### INSTRUCTIONS TO FOLLOW:
Set down a faithful copy of every record below, with no images.

Content starts

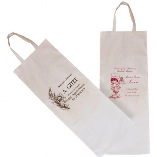 Sac à pain en coton, 130grs. Marquage en sérigraphie au recto/verso 1 couleur ou au recto 2 couleurs (ne se touchant pas). Poignées rondes et souples en coton. Fond : naturel. Format 300x750mm avec une surface d'impression de 200x250mm. *Suivant les matières, les couleurs d'impression peuvent comporter de légères différences de nuances.
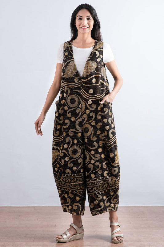 ORGANIC LEAVES KANTHA BAGGY PANTS - ol2642-blk -
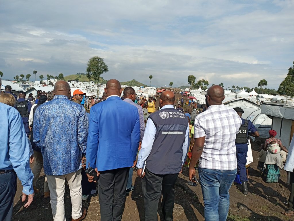 Après des explications reçues du Gouverneur, la délégation est descendue dans les sites de déplacés de Bulengo, plus à l’ouest de la ville de Goma avant de chuter par le camp de Rusayo, situé au pied du Nyiragongo. Dans ces deux sites, la délégation a été témoin des conditions dans lesquelles vivent ces hommes, femmes et enfants poussés loin de leurs milieux de vie à la suite de la barbarie humaine.
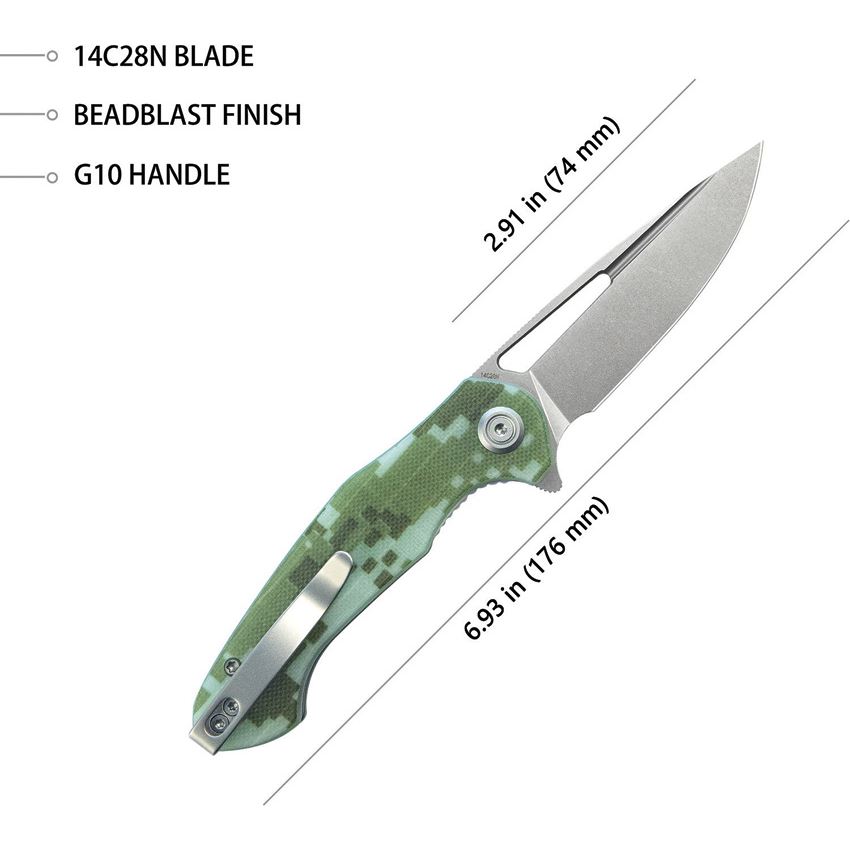 • Kubey Knives - Dugu Stonewash 14C28N Linerlock Knife Digital Camo G10 Handles
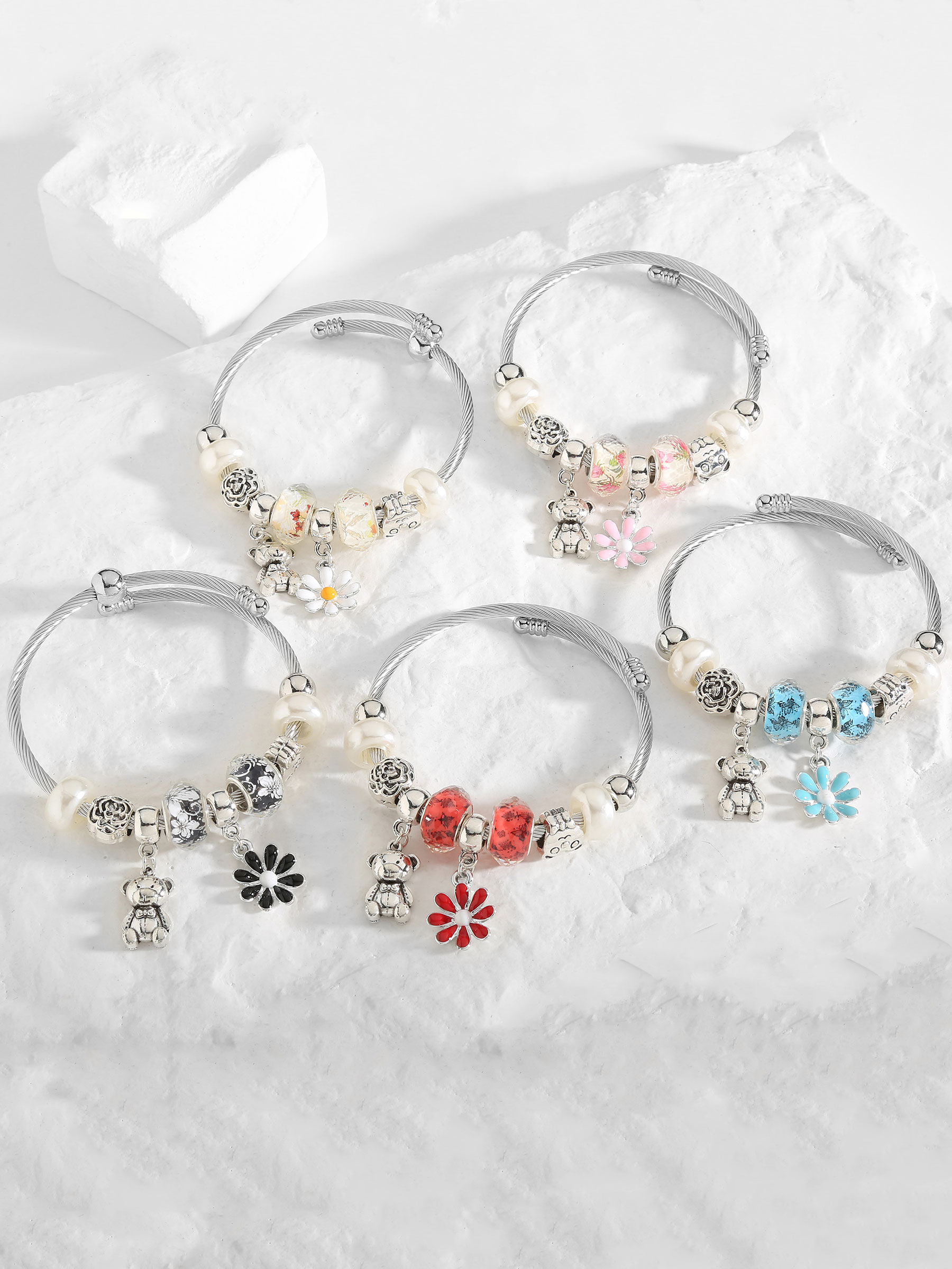 Dettagli del bracciale in acciaio inossidabile con charm smaltato a forma di fiore e orsetto BS-LQ20133-ARGENTO

Content ends

### RESPONSE:
 Sac à pain en coton, 130grs. Marquage en sérigraphie au recto/verso 1 couleur ou au recto 2 couleurs (ne se touchant pas). Poignées rondes et souples en coton. Fond : naturel. Format 300x750mm avec une surface d'impression de 200x250mm. *Suivant les matières, les couleurs d'impression peuvent comporter de légères différences de nuances.
 ORGANIC LEAVES KANTHA BAGGY PANTS - ol2642-blk -
 Après des explications reçues du Gouverneur, la délégation est descendue dans les sites de déplacés de Bulengo, plus à l’ouest de la ville de Goma avant de chuter par le camp de Rusayo, situé au pied du Nyiragongo. Dans ces deux sites, la délégation a été témoin des conditions dans lesquelles vivent ces hommes, femmes et enfants poussés loin de leurs milieux de vie à la suite de la barbarie humaine.
 • Kubey Knives - Dugu Stonewash 14C28N Linerlock Knife Digital Camo G10 Handles
 Dettagli del bracciale in acciaio inossidabile con charm smaltato a forma di fiore e orsetto BS-LQ20133-ARGENTO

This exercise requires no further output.